● Exercise brief
Your answer must be the lines from the start of the records through the line with "인스타그램 글 수정시 키보드 안내려가는 문제 플로팅 키보드로 해결", exactly as written, without the pictures.

━━━ Source data ━━━

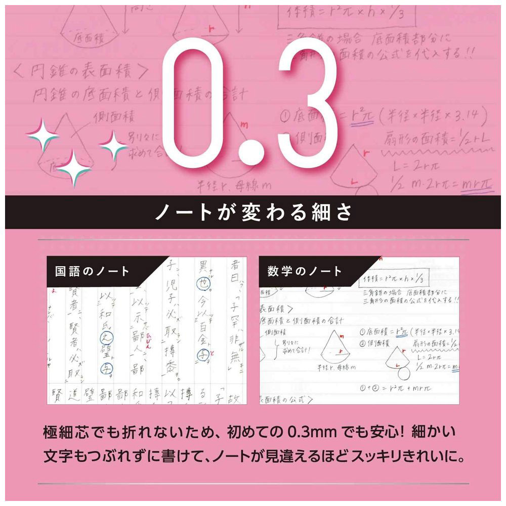 芯が減るのに合わせて先端パイプがスライドするオレンズシステムを搭載。芯を出さないで書くから不思議なほど芯が折れないシャープペンシルです。超極細芯0.2と極細芯0.3の2タイプ。
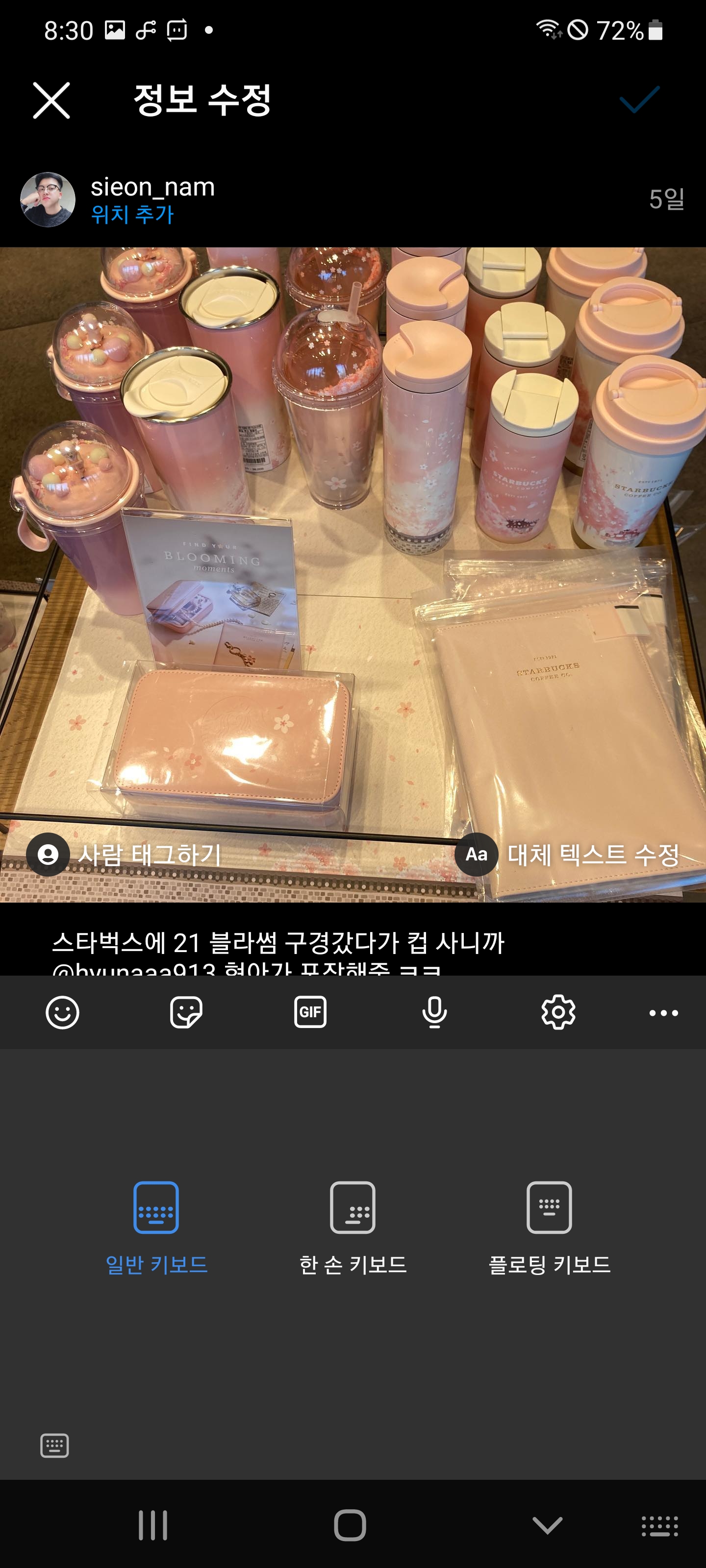 인스타그램 글 수정시 키보드 안내려가는 문제 플로팅 키보드로 해결
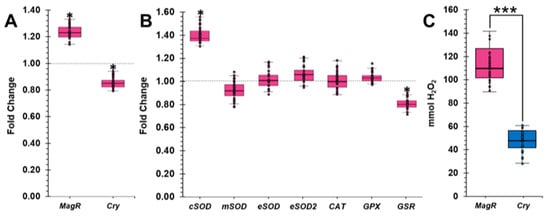 Effect of GMF on the gene expression of MagR and Cry (A), SOD, CAT, GPx, and GSR (B), or H2O2 content (C) of Lasius niger. For Panels A and B, Gene expression is expressed as fold change calculated as the GMF/NNMF ratio (N = 30). The dotted line represents the gene expression under NNMF condition, while bars represent the mean ± SD of three qRT-PCR biological replicates carried out in triplicate. For all panels, within each box the horizontal black lines indicate median values, while boxes extend from the 25th to the 75th percentile of the distribution of values in each group (N = 30). The extended vertical lines indicate the standard deviations. Asterisks indicate significant (* p < 0.05; *** p < 0.001) differences.
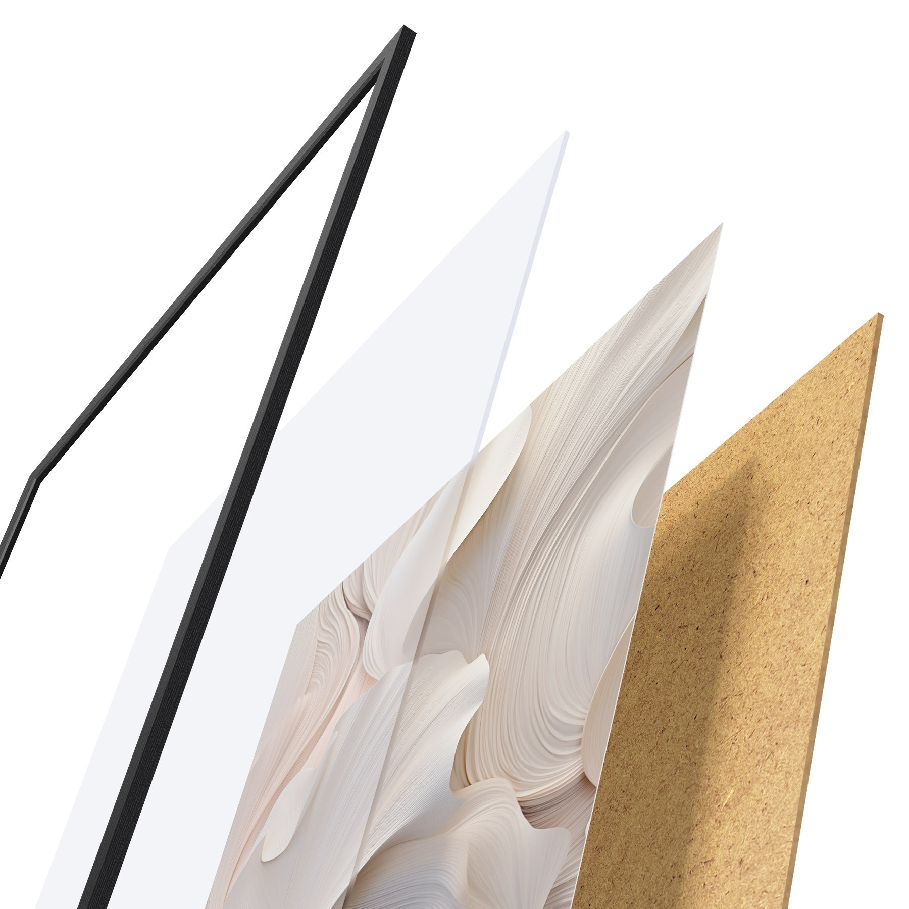 Plakāts sastāv no rāmja, pleksstikla, iespiestā attēla un skaidu plātnes pamatnes. Plakātu var uzreiz piekarināt pie sienas, pateicoties aizmugurē esošajiem stiprinājumiem.
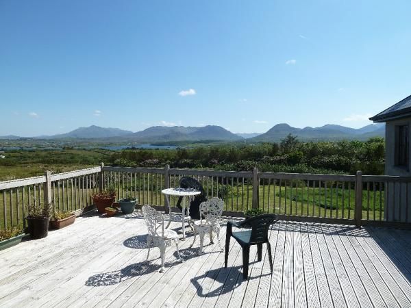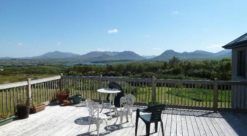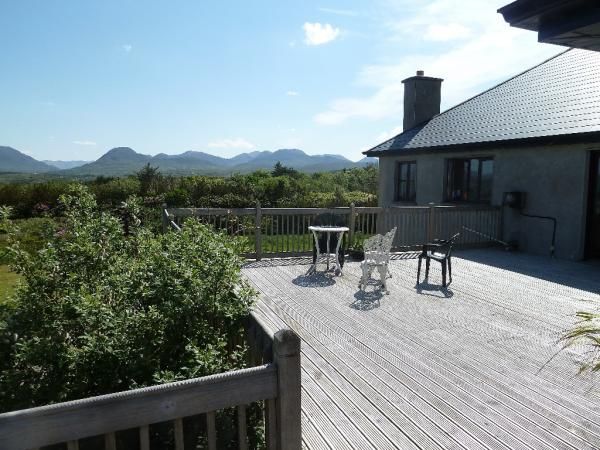 Large Connemara Cottage is a spacious stone-faced house with spectacular views of the Twelve Pins mountain range and Ballinakill Bay. It is located in Moyard, just 5 miles from Clifden and 3 miles from Letterfrack. There is a large wooden deck at the rear of the house offering the ideal viewing spot.

━━━

● Output for this exercise
 芯が減るのに合わせて先端パイプがスライドするオレンズシステムを搭載。芯を出さないで書くから不思議なほど芯が折れないシャープペンシルです。超極細芯0.2と極細芯0.3の2タイプ。
 인스타그램 글 수정시 키보드 안내려가는 문제 플로팅 키보드로 해결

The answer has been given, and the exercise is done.